» **Task input**
···
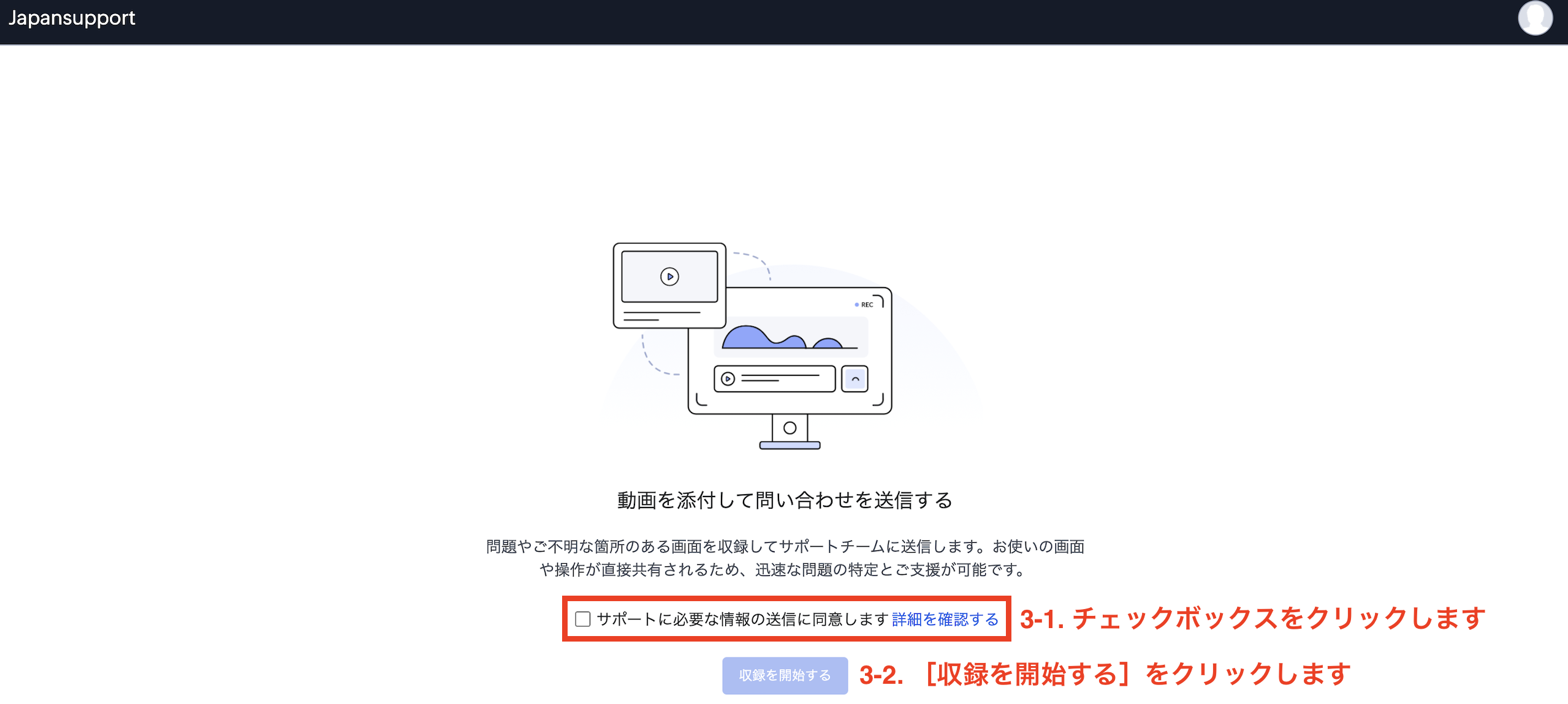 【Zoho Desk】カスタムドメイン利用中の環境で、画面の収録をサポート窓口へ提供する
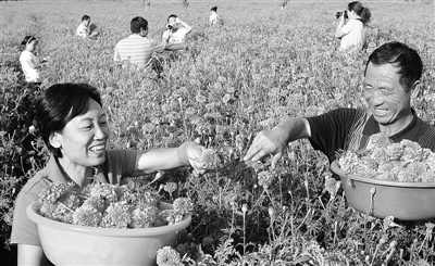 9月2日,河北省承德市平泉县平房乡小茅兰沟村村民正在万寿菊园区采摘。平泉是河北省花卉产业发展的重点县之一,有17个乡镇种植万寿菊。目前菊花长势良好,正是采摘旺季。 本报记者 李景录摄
···
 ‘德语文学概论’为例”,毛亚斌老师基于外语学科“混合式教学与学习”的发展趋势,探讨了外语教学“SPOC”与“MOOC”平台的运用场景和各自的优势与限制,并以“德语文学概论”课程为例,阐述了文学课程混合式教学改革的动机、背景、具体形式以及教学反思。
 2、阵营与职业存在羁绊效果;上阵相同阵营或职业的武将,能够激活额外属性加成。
···
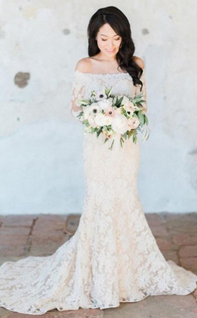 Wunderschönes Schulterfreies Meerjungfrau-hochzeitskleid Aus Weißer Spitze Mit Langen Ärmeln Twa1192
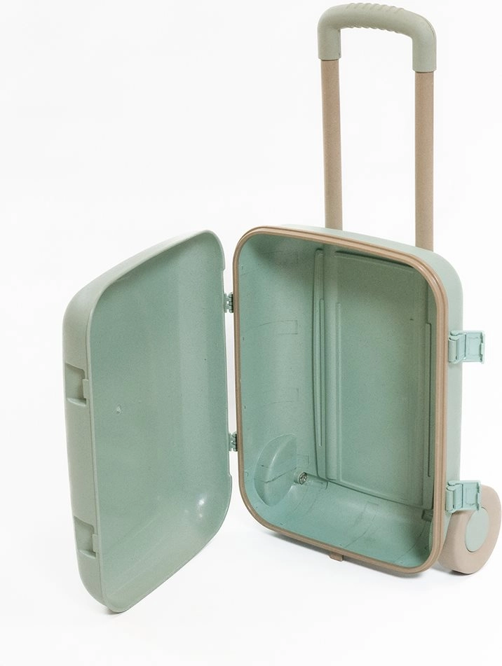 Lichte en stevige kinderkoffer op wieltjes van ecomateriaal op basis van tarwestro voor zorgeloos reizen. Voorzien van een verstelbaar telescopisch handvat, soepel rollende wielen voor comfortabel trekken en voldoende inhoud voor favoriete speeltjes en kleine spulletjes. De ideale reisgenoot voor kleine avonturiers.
···
» **Your goal**
What you write out is the stretch of entries from the line containing "Wunderschönes Schulterfreies Meerjungfrau-hochzeitskleid" to the line containing "Lichte en stevige", word for word, with both end lines and no pictures.

» **Task solution**
 Wunderschönes Schulterfreies Meerjungfrau-hochzeitskleid Aus Weißer Spitze Mit Langen Ärmeln Twa1192
 Lichte en stevige kinderkoffer op wieltjes van ecomateriaal op basis van tarwestro voor zorgeloos reizen. Voorzien van een verstelbaar telescopisch handvat, soepel rollende wielen voor comfortabel trekken en voldoende inhoud voor favoriete speeltjes en kleine spulletjes. De ideale reisgenoot voor kleine avonturiers.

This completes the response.